Mesmo quando Dona Armênia descobriu ter sido traída pelo falecido marido com uma turca (rivais históricos dos armênios), não adotou espirito bélico e manteve a hospitalidade que Aracy aprendeu com a família (“Não se pode falar em dificuldade de um armênio, que todos correm para ajudá-lo!”).

Idioma proibido
No ano da entrevista, a atriz foi convidada para relembrar o centésimo aniversário do massacre em São Paulo, onde tem muitos amigos na comunidade armênia. Por conta de um tratamento de saúde, acompanhou à distância, mas não sem a mesma emoção de quem se recusou a ocidentalizar seu nome.

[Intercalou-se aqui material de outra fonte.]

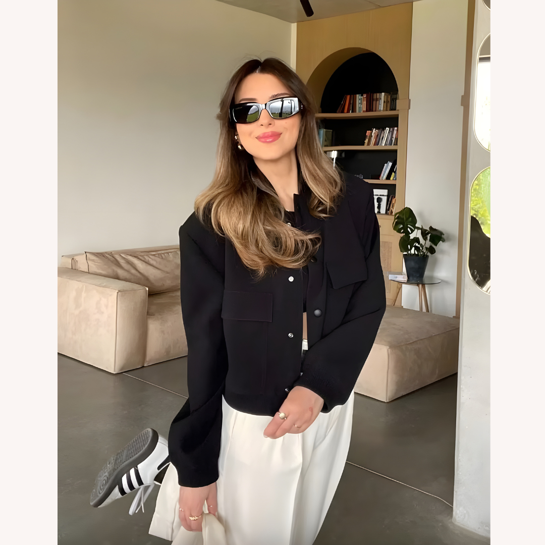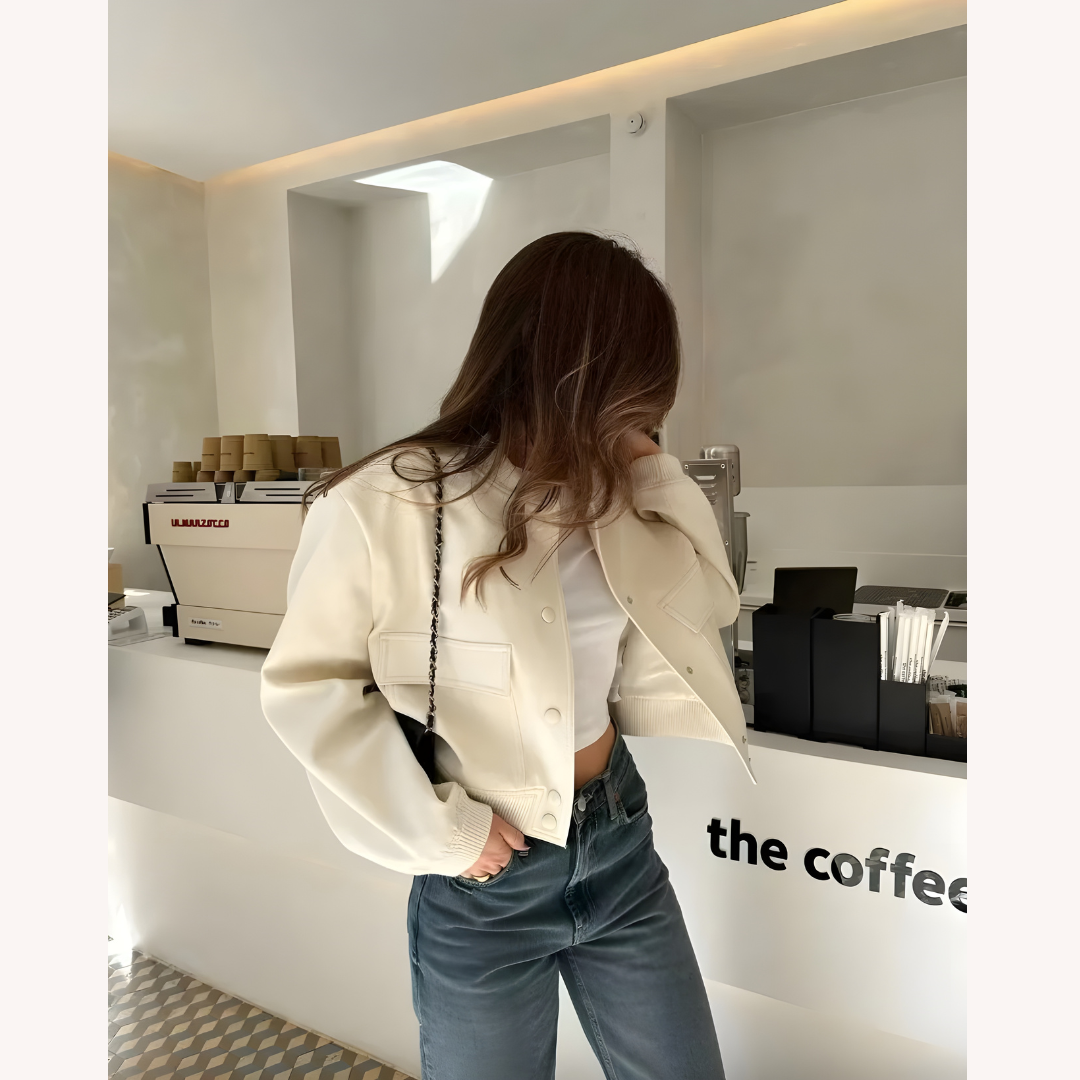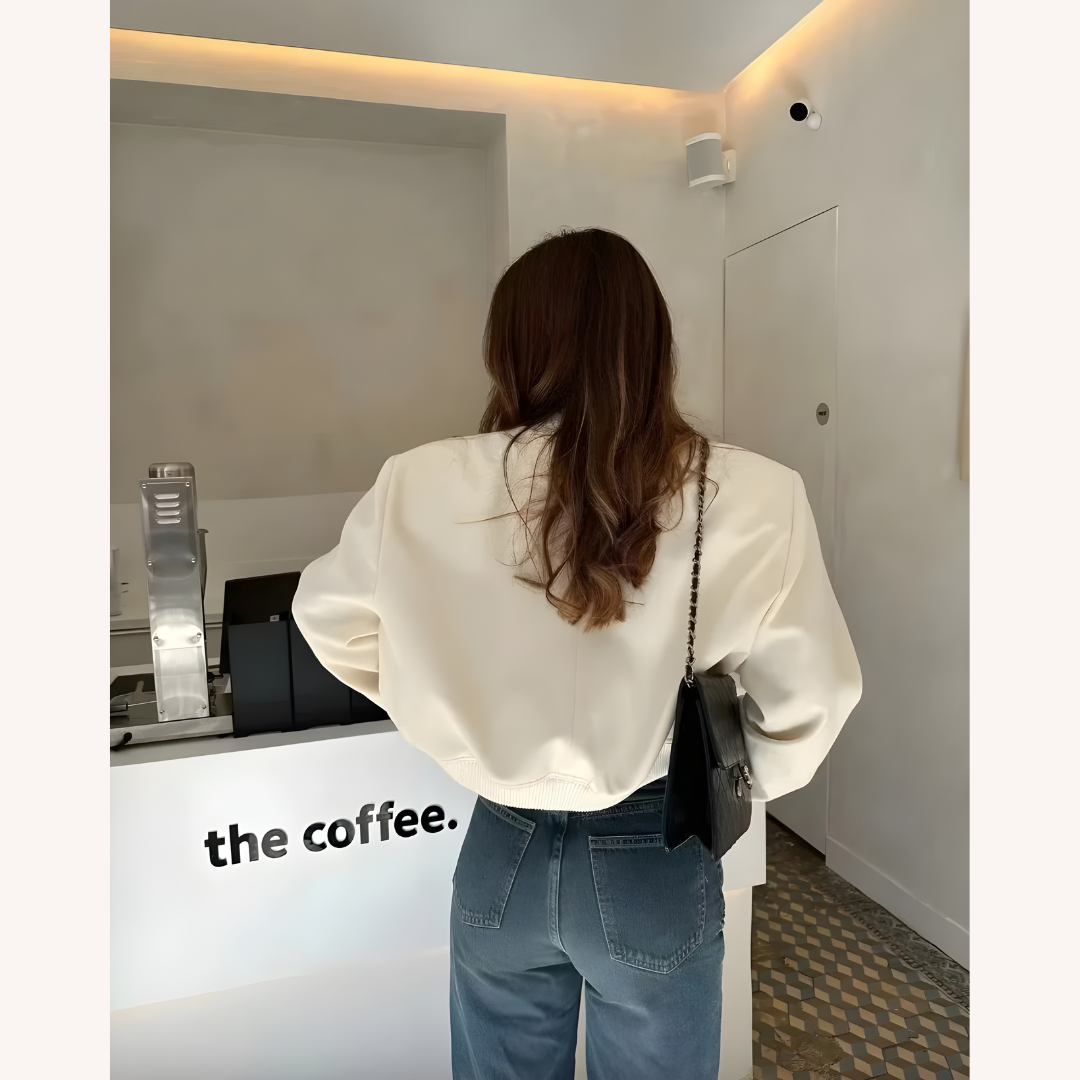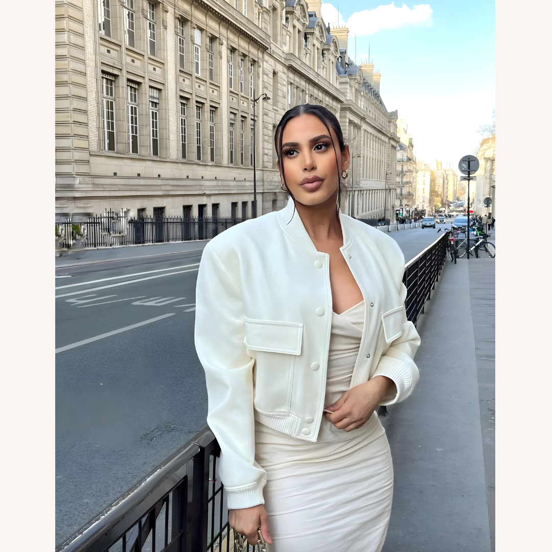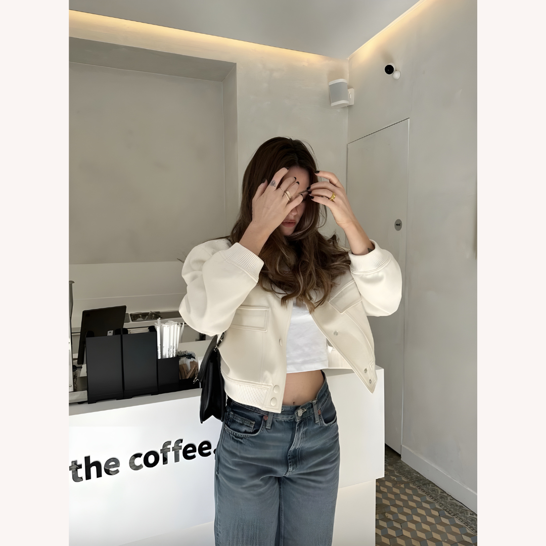 Discover the short jacket ideal for an urban and casual style. This white model, inspired by bomber style, combines lightness and trendiness. Its loose fit and soft material make it a must-have for mid-season, perfect for your city outings or coffee breaks.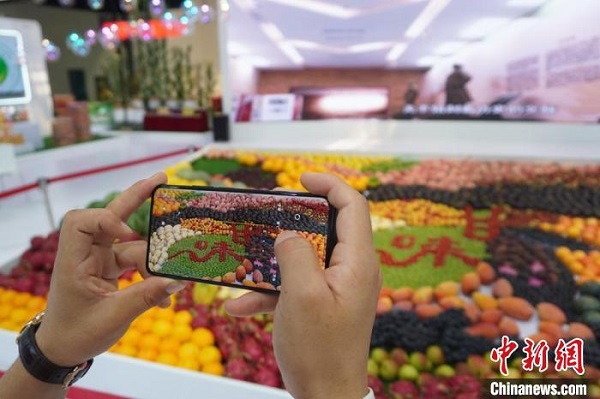 圖為參觀者手機(jī)拍攝用農(nóng)產(chǎn)品拼裝的“甘味”。(資料圖) 九美旦增 攝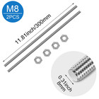 2 Pack M8-1.25mm Pitch Fully All Threaded Rod Studs,300mm/11.8" Long 304 Stainle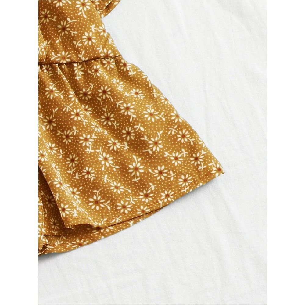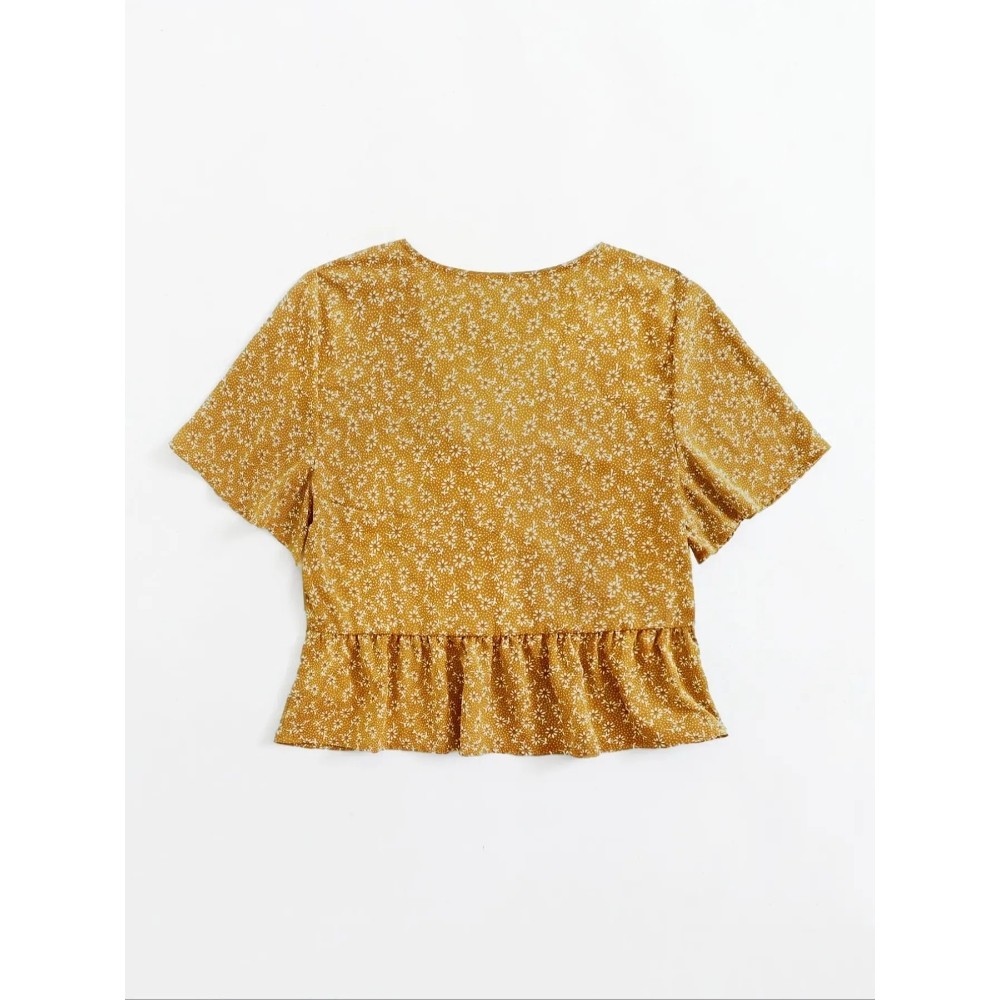 Women's Summer Floral Print V-Neck Blouse - Short Sleeve Ruffle Trim Casual Shirt Lightweight High-Waisted Short Blouse Beach to Street Versatile Peplum Top
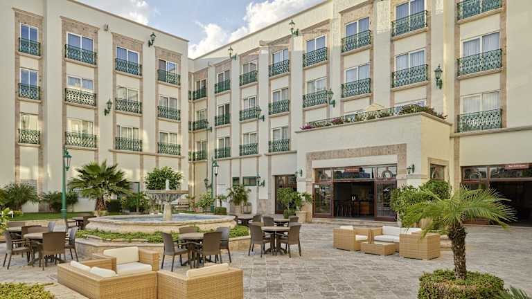 Das Hotel Fiesta Americana Aguascalientes ist im Kolonialstil eingerichtet und bietet eine Vielzahl von Annehmlichkeiten, darunter einen Aussenpool, einen schönen Garten sowie einen Spielplatz. Es umfasst insgesamt 192 Zimmer und ermöglicht Gästen, das Fahrzeug auf dem Parkplatz abzustellen. Zur Ausstattung gehören eine 24 Stunden besetzte Rezeption, ein Sicherheitsdienst, ein Zimmerservice sowie ein Business-Center. Das Hotel legt Wert auf behindertengerechte Einrichtungen, darunter rollstuhlgerechte Zimmer und Zugänge.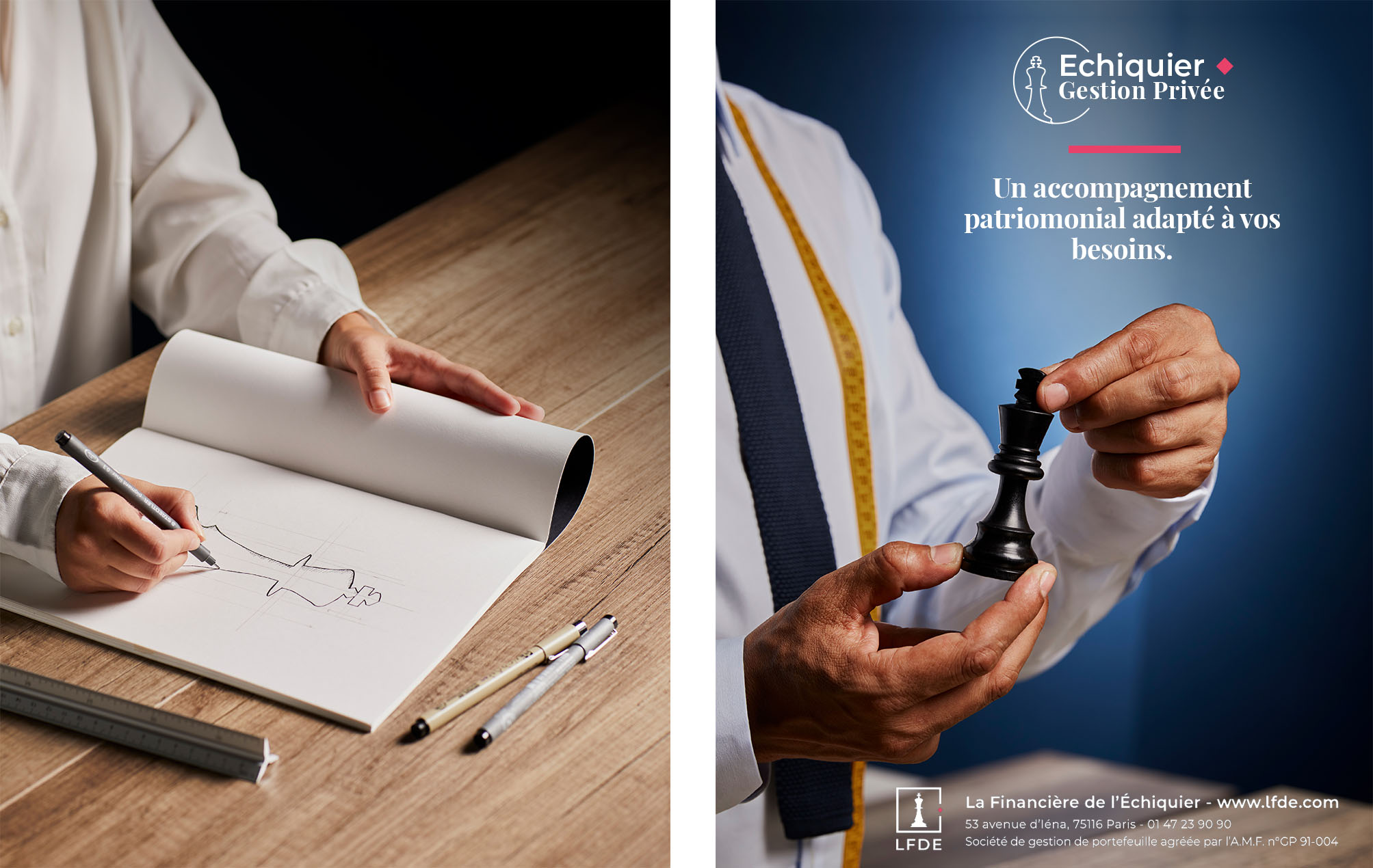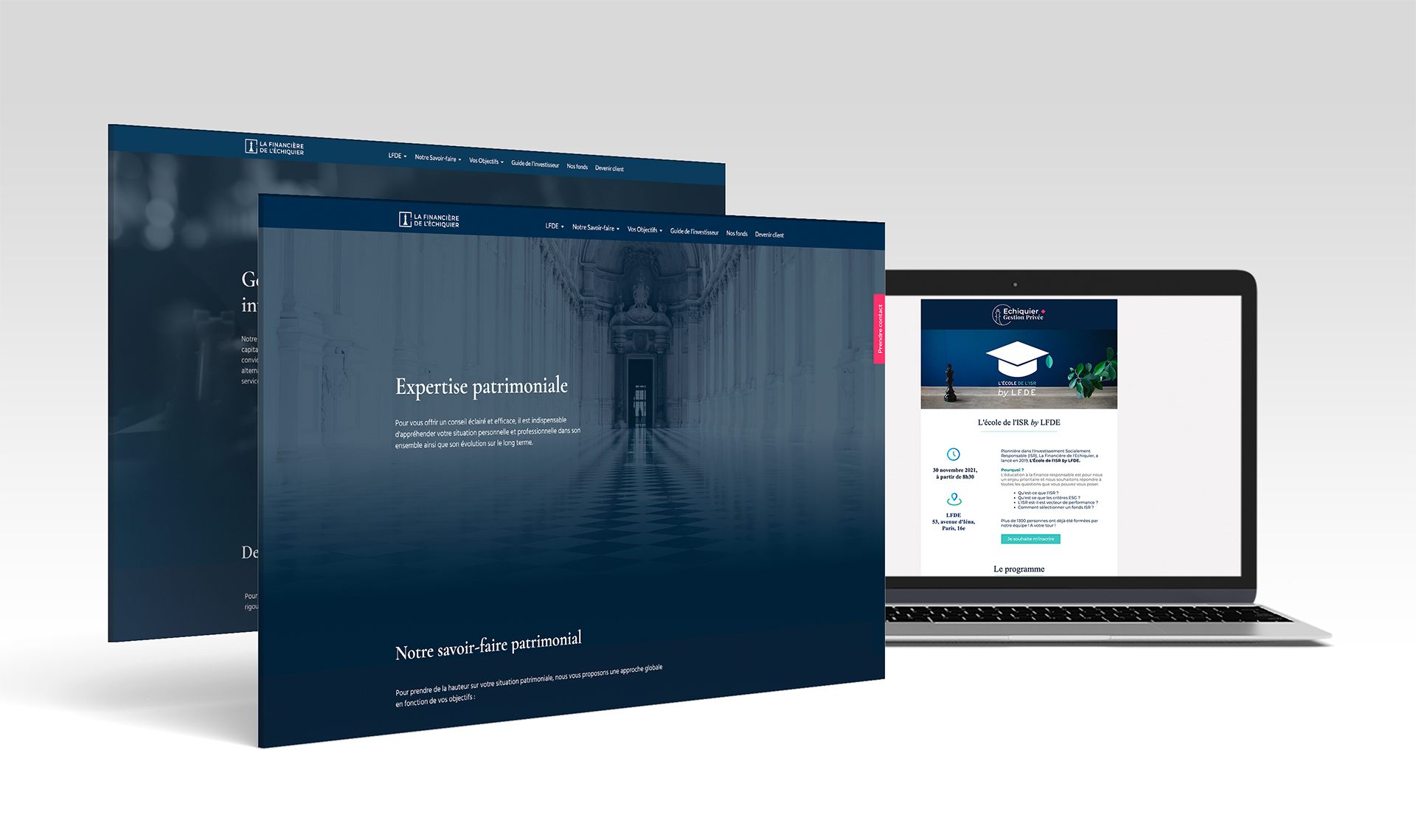 Développée au sein de La Financière de l’Échiquier dans le cadre de la refonte du site internet dédié aux clients particuliers, Echiquier Gestion Privée se positionne comme une marque ombrelle haut de gamme. Du logo jusqu'au spot TV, ce projet a été décliné sur l'ensemble des supports concernés.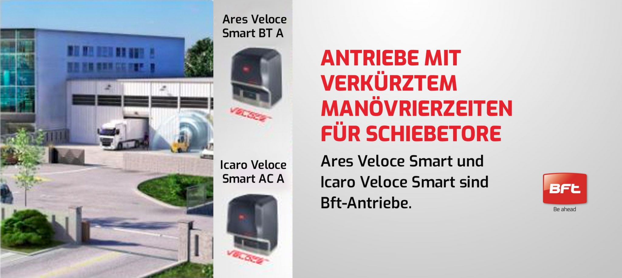 Ares Veloce Smart BT A und Icaro Veloce Smart AC A sind die Bft-Schiebeantriebe, die sich für Anwendungen eignen, die eine hohe Öffnungs- und Schließgeschwindigkeit und kurze Wartezeiten erfordern.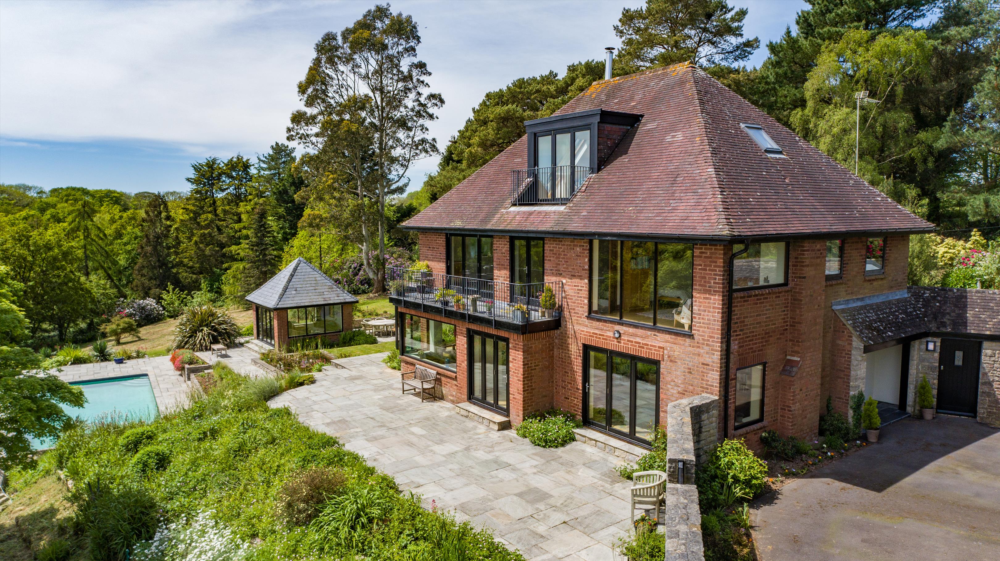The parking area is screened by a tall Purbeck stone wall, beyond which lies the formal part of the garden, consisting of a series of lawns and landscaped borders surrounding a lovely, heated swimming pool. Set back from the pool is a fantastic, brick-built summer house with tall, wide picture windows on two sides and bi-fold doors on a third.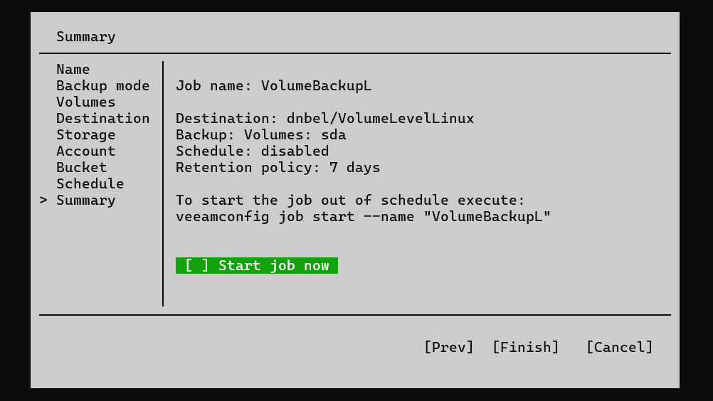 Для создания задачи резервного копирования диска введите в терминале команду sudo veeamconfig job create volumelevel --name <job_name> --reponame <repository_name> --objects <volume_to_backup> <advanced_options> <schedule_options> <periodic_full_backup_options> <indexing_options> ,где:

— Tive alguns problemas de saúde no ano passado, mas logo que saí do hospital, estava trabalhando. Herdei isso de ser batalhadora dos meus antepassados. Acredito que o máximo que fiz, da minha parte, foi dando dignidade ao meu trabalho, em 50 anos de profissão. Muita gente falou para o meu pai não me deixar atuar, ou tirar meu “-ian” do nome. Mas nunca deixei. Como eu viveria sem meu indício de armenidade? Fiz questão de não mudar, porque conhecia a garra de meus antepassados. “Vocês são bons brasileiros, mas não esqueçam de onde vieram”, era o que meu pai me dizia. E foi assim que segui.

Aracy contava que uma sobrinha foi com marido e família para a Turquia, a passeio. Conversando com o guia, mencionou a palavra genocídio. Ele negou, furioso, e disse que uma guerra civil nos anos 1910 foi responsável pelas centenas de milhares de mortes. O que a comunidade armênia pelo mundo refuta radicalmente.

— Minha mãe foi proibida de falar armênio, quando morava na Turquia. Nós conhecemos o que foi a ditadura, pela experiência no Brasil, mas imagine isso vindo de um povo bárbaro, com grande força militar. E isto que os armênios são considerados os primeiros cristãos da História.

Atriz e estudante de teatro em plena efervescência dos anos 1960, Aracy sabia que o cerco à liberdade de expressão aos armênios otomanos é comum à realidade que o Brasil viveu.

— É preciso que se reconheça o grau do que houve, para que isto não se repita, e é o que quero transmitir aos meus descendentes. Reconhecer é fechar a ferida — avaliava. — Fiz teatro durante a ditadura militar. Muitos colegas eram perseguidos por estudar e montar tragédias gregas. Os militares confundiam isto com comunismo, porque “tudo era estrangeiro”. E o pedido pela volta de tudo isso tem sido ensaiado por gente gaiata.